Because of the paucity of evidence supporting the use of self-management interventions in MS, funding was sought and secured from the Consortium of Multiple Sclerosis Centers (CMSC) and the National Institute on Disability and Rehabilitation Research (NIDRR) to convene a consensus conference. The Consensus Conference on Self-Management and MS was held on November 15, 2010, in Washington, DC. Participating in the conference were 50 self-management experts from the United States, United Kingdom, Australia, and Canada—including physicians, rehabilitation researchers, nurses, occupational therapists, and psychologists specializing in MS—as well as leaders from prominent nonprofit organizations supporting people with MS and representatives of federal agencies. The specific goals of the consensus conference were as follows: 1) review the current research on self-management in diverse chronic disabilities as well as MS; 2) review optimal research methodologies, outcome measurement tools, program planning frameworks, and dissemination strategies for self-management research; and 3) establish recommendations on the next steps necessary to develop, adapt, and test self-management interventions for people with MS. The conference began with informational review presentations by experts in the field of self-management and concluded with breakout sessions in which work group discussions covered the following self-management topics: 1) intervention techniques and delivery methods, 2) impact measurement, 3) appropriate research methodologies, and 4) translation to consumers.
Self-management has been described within the chronic care model,17 18 which includes self-management support as a way for physicians and other health-care providers to empower and prepare patients to manage their own health and health care. The concept of self-management has developed over the last 40 years and undergone various definitions, adaptations, and formulations.19–21 The central tenet in self-management is that the day-to-day oversight of the chronic condition is managed by the individuals living with the condition, rather than their health-care providers.22 In other words, the overall goal of self-management is to help people help themselves, with the premise that the better their self-management, the better their symptom control and quality of life. However, the focus in this work is on actual patient self-management activity rather than a health-systems intervention or basic patient education.21
Much of the early research on self-management was performed in the area of arthritis by Lorig and colleagues at the Stanford Patient Education Research Center (http://patienteducation.stanford.edu/).22 23 The primary tasks typically taught in Lorig and colleagues' 2004 conceptualization of self-management are managing medical symptoms, roles, and emotions (Table 1).24 25 Some of the core self-management skills in this model are problem-solving, decision making, resource utilization, forming partnerships with health-care providers, and taking action.22
Self-management tasks
Self-management interventions have been developed for and tested in a variety of other chronic conditions, including diabetes,26 heart disease,27 hypertension,28 cancer,29 and limb loss.30 Self-management formats, delivery modalities, and session structure and length have evolved to encompass a variety of techniques. Elements of the types of programs that are commonly used are described in Table 2. In addition to promoting skills for managing disease-specific symptoms, self-management approaches may also address skills for promoting overall health and psychological well-being.31 It should be emphasized that the template of offerings in Table 2 is simply what is generally offered and is chiefly “professionally driven,” not necessarily evidence-based or reflecting consumer input.

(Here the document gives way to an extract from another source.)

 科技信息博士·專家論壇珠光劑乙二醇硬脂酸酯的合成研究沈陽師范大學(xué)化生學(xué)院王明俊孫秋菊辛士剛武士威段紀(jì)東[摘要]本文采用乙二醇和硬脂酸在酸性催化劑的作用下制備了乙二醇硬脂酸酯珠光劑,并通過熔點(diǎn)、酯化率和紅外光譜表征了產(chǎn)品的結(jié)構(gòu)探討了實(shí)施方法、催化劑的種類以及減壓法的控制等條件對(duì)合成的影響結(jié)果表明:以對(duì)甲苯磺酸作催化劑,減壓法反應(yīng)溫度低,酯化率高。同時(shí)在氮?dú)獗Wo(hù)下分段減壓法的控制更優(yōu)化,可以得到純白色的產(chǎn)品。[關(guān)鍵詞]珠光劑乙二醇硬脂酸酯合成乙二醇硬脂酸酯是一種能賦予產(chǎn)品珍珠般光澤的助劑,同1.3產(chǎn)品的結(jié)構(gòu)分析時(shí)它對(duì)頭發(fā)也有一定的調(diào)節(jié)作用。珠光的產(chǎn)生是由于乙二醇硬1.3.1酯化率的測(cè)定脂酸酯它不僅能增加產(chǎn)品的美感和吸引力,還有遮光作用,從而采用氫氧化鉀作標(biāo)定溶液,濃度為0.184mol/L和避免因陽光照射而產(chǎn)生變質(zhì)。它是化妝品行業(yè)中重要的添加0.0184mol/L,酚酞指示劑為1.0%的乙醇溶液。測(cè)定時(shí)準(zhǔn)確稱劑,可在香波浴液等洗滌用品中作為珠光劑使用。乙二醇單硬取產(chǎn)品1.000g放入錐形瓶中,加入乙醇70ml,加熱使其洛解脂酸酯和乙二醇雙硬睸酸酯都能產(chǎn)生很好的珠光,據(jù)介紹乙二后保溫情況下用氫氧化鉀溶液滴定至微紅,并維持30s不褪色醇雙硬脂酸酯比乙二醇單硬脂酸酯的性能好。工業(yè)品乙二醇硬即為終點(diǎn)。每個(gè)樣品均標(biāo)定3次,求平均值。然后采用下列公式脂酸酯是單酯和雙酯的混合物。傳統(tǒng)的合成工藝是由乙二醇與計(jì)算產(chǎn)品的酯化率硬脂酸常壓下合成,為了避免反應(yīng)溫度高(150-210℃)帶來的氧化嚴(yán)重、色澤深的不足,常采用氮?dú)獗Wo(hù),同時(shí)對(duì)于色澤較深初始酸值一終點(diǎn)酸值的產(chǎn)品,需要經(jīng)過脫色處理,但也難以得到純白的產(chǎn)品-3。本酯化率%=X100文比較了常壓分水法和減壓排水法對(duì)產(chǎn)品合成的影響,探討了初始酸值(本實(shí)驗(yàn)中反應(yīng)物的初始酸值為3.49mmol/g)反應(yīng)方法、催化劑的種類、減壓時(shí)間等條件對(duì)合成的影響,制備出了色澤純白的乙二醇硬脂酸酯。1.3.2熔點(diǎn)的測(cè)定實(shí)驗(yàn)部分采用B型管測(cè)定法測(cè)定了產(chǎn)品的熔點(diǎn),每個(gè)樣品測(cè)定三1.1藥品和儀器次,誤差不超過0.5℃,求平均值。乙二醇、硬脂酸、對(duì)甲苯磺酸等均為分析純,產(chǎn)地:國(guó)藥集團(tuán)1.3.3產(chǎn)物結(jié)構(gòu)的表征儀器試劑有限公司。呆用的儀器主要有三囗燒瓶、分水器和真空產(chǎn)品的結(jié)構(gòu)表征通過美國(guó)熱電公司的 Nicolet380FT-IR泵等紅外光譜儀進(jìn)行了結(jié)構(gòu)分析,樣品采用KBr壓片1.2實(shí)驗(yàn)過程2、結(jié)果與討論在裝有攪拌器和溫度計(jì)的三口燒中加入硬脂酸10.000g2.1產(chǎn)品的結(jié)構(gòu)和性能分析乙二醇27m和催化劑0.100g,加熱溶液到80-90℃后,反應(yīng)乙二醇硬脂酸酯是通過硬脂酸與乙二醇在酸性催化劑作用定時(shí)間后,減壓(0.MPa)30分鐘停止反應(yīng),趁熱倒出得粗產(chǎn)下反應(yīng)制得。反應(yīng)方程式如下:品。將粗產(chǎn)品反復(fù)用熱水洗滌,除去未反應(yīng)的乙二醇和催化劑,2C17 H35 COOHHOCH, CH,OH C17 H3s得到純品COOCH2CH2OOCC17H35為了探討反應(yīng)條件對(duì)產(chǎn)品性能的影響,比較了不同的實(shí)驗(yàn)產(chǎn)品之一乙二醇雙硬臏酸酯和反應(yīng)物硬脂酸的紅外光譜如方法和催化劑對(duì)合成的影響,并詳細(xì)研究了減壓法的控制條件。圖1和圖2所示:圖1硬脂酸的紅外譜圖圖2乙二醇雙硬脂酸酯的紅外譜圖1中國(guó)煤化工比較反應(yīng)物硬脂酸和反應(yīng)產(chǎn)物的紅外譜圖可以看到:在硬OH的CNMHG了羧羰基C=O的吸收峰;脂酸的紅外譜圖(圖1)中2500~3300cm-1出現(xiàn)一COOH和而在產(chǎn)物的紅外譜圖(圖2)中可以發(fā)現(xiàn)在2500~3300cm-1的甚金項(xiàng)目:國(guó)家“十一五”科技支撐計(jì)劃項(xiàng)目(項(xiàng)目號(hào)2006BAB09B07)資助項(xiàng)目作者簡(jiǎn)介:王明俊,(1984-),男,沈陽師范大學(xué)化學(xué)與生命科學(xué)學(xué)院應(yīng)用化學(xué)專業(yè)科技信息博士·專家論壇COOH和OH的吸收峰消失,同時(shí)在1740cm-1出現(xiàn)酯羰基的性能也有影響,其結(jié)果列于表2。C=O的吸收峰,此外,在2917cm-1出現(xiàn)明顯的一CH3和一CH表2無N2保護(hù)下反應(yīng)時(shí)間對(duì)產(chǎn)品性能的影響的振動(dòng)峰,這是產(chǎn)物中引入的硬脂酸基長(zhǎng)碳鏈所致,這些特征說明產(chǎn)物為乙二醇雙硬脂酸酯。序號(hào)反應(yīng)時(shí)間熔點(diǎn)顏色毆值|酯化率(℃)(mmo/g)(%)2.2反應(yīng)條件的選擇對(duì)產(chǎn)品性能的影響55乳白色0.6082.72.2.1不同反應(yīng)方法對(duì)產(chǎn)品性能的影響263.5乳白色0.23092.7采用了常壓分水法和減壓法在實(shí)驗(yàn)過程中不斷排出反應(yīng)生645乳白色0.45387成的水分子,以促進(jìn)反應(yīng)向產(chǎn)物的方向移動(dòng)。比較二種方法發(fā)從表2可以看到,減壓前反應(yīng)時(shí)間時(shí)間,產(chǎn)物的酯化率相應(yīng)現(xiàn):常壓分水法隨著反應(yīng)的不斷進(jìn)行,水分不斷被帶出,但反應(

Self-management intervention structure
The self-management literature with regard to MS is limited.32 33 Observational and qualitative research has examined self-management in MS. Using a multidimensional instrument designed to evaluate self-management behavior among people with MS,34 researchers demonstrated that self-management is strongly associated with perceived control and that both perceived control and self-management mediate the relationships between the physical and emotional impact of MS and quality of life.35 In one qualitative study,36 participants with MS described the need for self-management support that recognizes the complex constellation of symptoms they manage and that is individualized to enhance their ability to manage not only their particular symptoms but also the impact of symptoms in the context of their preferences and values.

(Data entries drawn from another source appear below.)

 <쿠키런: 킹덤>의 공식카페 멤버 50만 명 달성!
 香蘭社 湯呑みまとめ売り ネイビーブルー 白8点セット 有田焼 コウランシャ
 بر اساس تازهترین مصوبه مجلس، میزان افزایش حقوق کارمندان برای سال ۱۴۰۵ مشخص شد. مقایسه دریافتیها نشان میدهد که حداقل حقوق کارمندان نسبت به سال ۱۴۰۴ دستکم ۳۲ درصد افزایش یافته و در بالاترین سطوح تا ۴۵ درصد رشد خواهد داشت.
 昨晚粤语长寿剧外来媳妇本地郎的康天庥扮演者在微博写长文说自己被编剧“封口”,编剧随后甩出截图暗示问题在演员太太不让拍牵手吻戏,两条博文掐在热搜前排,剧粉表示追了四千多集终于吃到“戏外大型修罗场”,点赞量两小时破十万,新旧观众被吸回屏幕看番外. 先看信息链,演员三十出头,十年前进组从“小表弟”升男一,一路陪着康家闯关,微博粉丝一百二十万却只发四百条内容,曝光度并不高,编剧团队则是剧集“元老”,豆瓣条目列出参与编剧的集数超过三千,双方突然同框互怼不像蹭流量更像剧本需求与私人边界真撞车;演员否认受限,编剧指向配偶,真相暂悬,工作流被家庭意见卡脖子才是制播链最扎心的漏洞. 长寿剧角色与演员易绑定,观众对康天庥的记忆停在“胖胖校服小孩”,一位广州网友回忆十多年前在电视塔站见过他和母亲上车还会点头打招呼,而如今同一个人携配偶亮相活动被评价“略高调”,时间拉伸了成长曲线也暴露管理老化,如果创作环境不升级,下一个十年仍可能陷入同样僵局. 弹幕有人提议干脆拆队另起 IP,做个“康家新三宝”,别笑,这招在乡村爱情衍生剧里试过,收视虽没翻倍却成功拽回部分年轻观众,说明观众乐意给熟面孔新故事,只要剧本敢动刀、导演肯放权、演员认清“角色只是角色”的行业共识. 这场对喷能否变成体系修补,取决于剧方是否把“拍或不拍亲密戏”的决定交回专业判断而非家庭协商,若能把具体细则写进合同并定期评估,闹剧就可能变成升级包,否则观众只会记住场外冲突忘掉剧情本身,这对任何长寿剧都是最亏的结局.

The few studies of self-management interventions that exist suggest that the approach holds promise for people living with MS. Stuifbergen et al.37 reported on an eight-session wellness intervention for women with MS that was chiefly focused on health and physical functioning, with sessions also dealing with stress management and relationship/intimacy. Multiple outcome measures indicated that participants realized significant improvements in self-efficacy, health behaviors, and certain quality of life dimensions. Bombardier et al.38 conducted a randomized controlled trial of a six-session (one in-person, five telephone) intervention for health promotion in people with MS. Although not labeled “self-management,” the motivational interviewing–based intervention incorporated many self-management elements, including goal-setting, self-monitoring, enhancing self-efficacy, problem-solving, and emphasis on the individual's responsibility to change health behaviors. Bombardier et al. reported that individuals who participated in the intervention showed increases in health-promotion activities, including physical activity, stress management, and spiritual growth.

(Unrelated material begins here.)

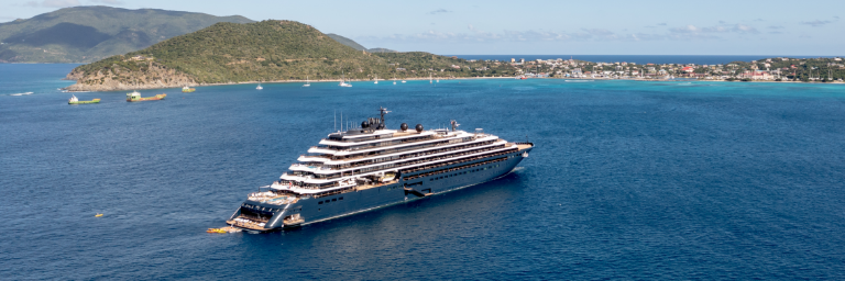 An image of Evrima anchored out in the Caribbean with the Marina open and water toys in the ocean.
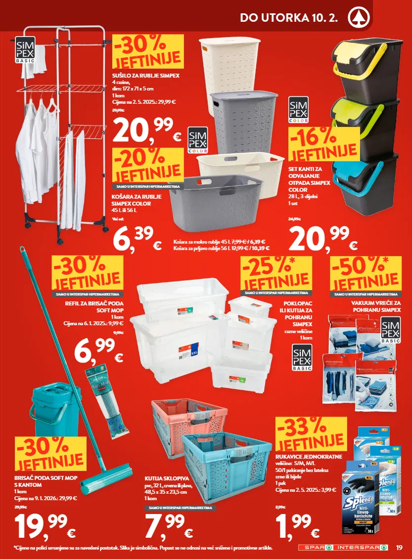 19 do utorka 10. 2. *cijene na polici umanjene su za navedeni postotak. slika je simbolična. popust se ne odnosi na već snižene i promotivne artikle. sušilo za rublje simpex 4 razine, dim: 172 x 71 x 5 cm 1 kom cijena na 2. 5. 2025.: 29,99 € rukavice jednokratne veličine: s/m, m/l 50/1 pakiranje bez lateksa crne ili bijele 1 pak cijena na 2. 5. 2025.: 3,99 € 20 , 99 € 29,99 € 1 , 99 € 2,99 € 29,99 € -30 % jeftinije set kanti za odvajanje otpada simpex color 28 l, 3-dijelni 1 set 20 , 99 € 24,99 € -16 % jeftinije brisač poda soft mop s kantom 1 kom cijena na 9. 1. 2026.: 29,99 € 19 , 99 € refil za brisač poda soft mop 1 kom cijena na 6. 1. 2025.: 9,99 € 6 , 99 € 9,99 € -30 % jeftinije kutija sklopiva pvc, 32 l, crvena ili plava, 48,5 x 35 x 23,5 cm 1 kom 7 , 99 € -33 % jeftinije -30 % jeftinije 6 , 39 € već od: košara za rublje simpex color 45 l ili 56 l -25 % * jeftinije vakuum vreće za pohranu simpex poklopac ili kutija za pohranu simpex razne veličine 1 kom košara za mokro rublje 45 l 7,99 € / 6,39 € košara za prljavo rublje 56 l 12,99 € / 10,39 € -50 % * jeftinije samo u interspar hipermarketima samo u interspar hipermarketima samo u interspar hipermarketima samo u interspar hipermarketima -20 % jeftinije samo u interspar hipermarketima

Although they did not categorize their interventions as “self-management,” Mohr and colleagues39 40 have shown the benefits of telephone-delivered cognitive-behavioral therapy in reducing depression; they are also completing research on the benefits of cognitive-behavioral programs in stress management (DC Mohr, personal communication, November 2011). A few other MS self-management programs have targeted specific areas such as fatigue or energy conservation,41 medication adherence,42 and consumer physical conditioning sessions (provided by the National Multiple Sclerosis Society or the Multiple Sclerosis Foundation) at various sites. One methodologically strong randomized controlled trial41 reported that a 6-week MS fatigue management program, which included self-management skills training, was efficacious in reducing fatigue impact relative to a wait-list control group. The fatigue management intervention was delivered by teleconference calls to small groups of individuals with MS, suggesting that, as found by Mohr et al.,39 40 telehealth self-management interventions have potential for overcoming access barriers in MS.
The conference consisted of three phases: 1) the first half of the day focused on presentations by self-management experts; 2) the second phase involved work group breakout sessions; and 3) the third phase brought all participants together to discuss and summarize the work group recommendations. Following are brief highlights of the expert presentations.
Dr. Wegener described how the current health-care environment—including increased emphasis on patient-centered care, chronic care models, and greater responsibility placed on consumers to manage their health—is conducive to self-management intervention development, evaluation, and implementation. He pointed out that self-management is both a philosophy of care and a set of tools for responding to the challenges of managing chronic conditions. He reviewed four key elements of self-management interventions across studies: knowledge of the condition, self-monitoring, problem-solving, and skill acquisition. Common self-management targets include emotional and behavioral management skills and self-efficacy. After this overview, he described the typical format for self-management interventions, consisting of six to eight group sessions led by a disability professional and/or trained lay leader. Within the self-management field, the use of other delivery methods and formats is growing. Evaluation of such approaches is needed. Dr. Wegener summarized the evidence base for self-management, noting that the strength of the evidence varies among conditions, populations, and the outcomes chosen. He discussed a participatory action research (PAR)–driven self-management intervention for individuals with limb loss30 and noted the benefits of a PAR approach to developing, testing, and sustaining self-management interventions. In conclusion, he emphasized the need for attention to dissemination, diffusion, and sustainability relating to self-management programs.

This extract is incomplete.